The Force of Destiny

La forza del destino was commissioned by the Imperial Theatre, St Petersburg where it premiered in 1862. Verdi considered the opera an ‘excellent success’ with ‘opulent’ settings and costumes, although critics thought the tragic, lugubrious love story had a depressing effect on the audience. It was first performed in New York in 1865 and London in 1867.

Verdi had composed La forza in only two months, and it represented a ‘halfway house’ in his development as an opera composer. The music recalled his earlier, lyrical melodies and instrumentation but also contained the rich orchestration and the darker, more intense atmosphere of his later work. In particular, the tense urgency and rising four-note pattern of the overture offered a foretaste of Verdi’s later music. Despite its success, La forza had a worrying effect on performers: a superstition arose that it was unlucky to mention the opera’s title inside a theatre. In 1869 it was extensively revised for its Milan production.
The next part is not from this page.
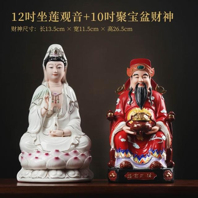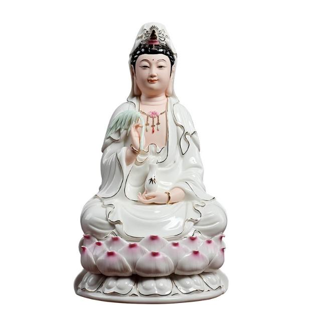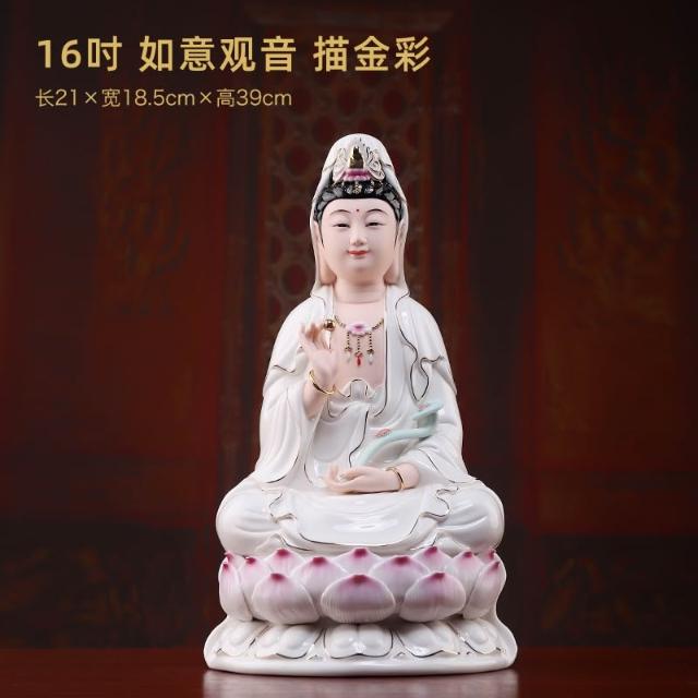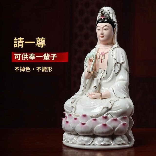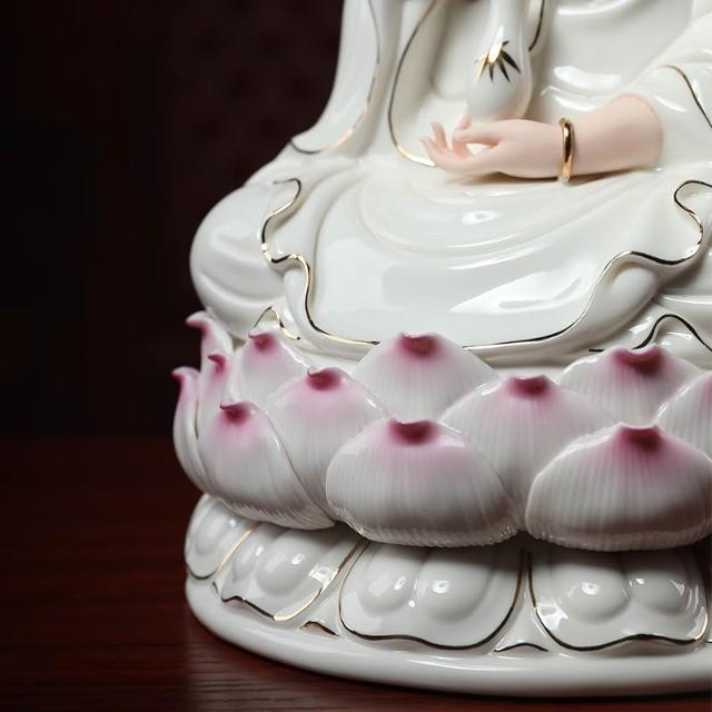 喜可xekoro陶瓷坐蓮南海觀音菩薩佛像客廳家用供奉觀世音菩薩觀音像擺飾

Composed: 1861–62; rev. 1869
Premiered: 1862, St Petersburg
Libretto by Francesco Maria Piave, after Angel de Saavedra and Friedrich von Schiller

Act I

Leonora is preparing to elope with Alvaro. Her father, the Marquis of Calatrava, considers Alvaro unworthy. Leonora regrets having to leave her home and family, but when Alvaro arrives she agrees to leave with him. Her father enters and demands an explanation. Alvaro declares that he is abducting Leonora, who is innocent. He then throws down his pistol in a gesture of surrender. The gun goes off, fatally wounding the marquis. He curses Leonora and Alvaro.

Act II

Leonora is looking for Alvaro. Disguised as a man, she enters an inn, observed by Preziosilla, a gypsy girl. Leonora’s brother Carlo also enters the inn, disguised and in search of the couple; he intends to kill them to avenge the death of his father. He questions Trabuco, a muleteer, about the person he has just seen enter the inn. Preziosilla sings of the wars in Italy and pilgrims pass by, on their way to a nearby monastery. Carlo continues to ask Trabuco about the traveller and identifies himself as a student, Pereda, who is helping a friend to track down his sister and her lover who killed their father; the man is thought to have escaped abroad.

Leonora overhears and feels betrayed by Alvaro’s flight abroad. She goes to the monastery and is admitted by brother Melitone. She begs the Padre Guardiano, to whom she reveals her true identity, for forgiveness. He allows her to live in a nearby cave as a hermit. He summons the monks and bids them respect the new hermit’s solitude.

Act III

In war-torn Italy, Alvaro sings of his wretched life and asks Leonora – whom he assumes is dead – to look down on him from heaven. Hearing a cry, he hurries to help. A quarrel has broken out over a card game and Carlo is in danger. Alvaro saves him and the men introduce...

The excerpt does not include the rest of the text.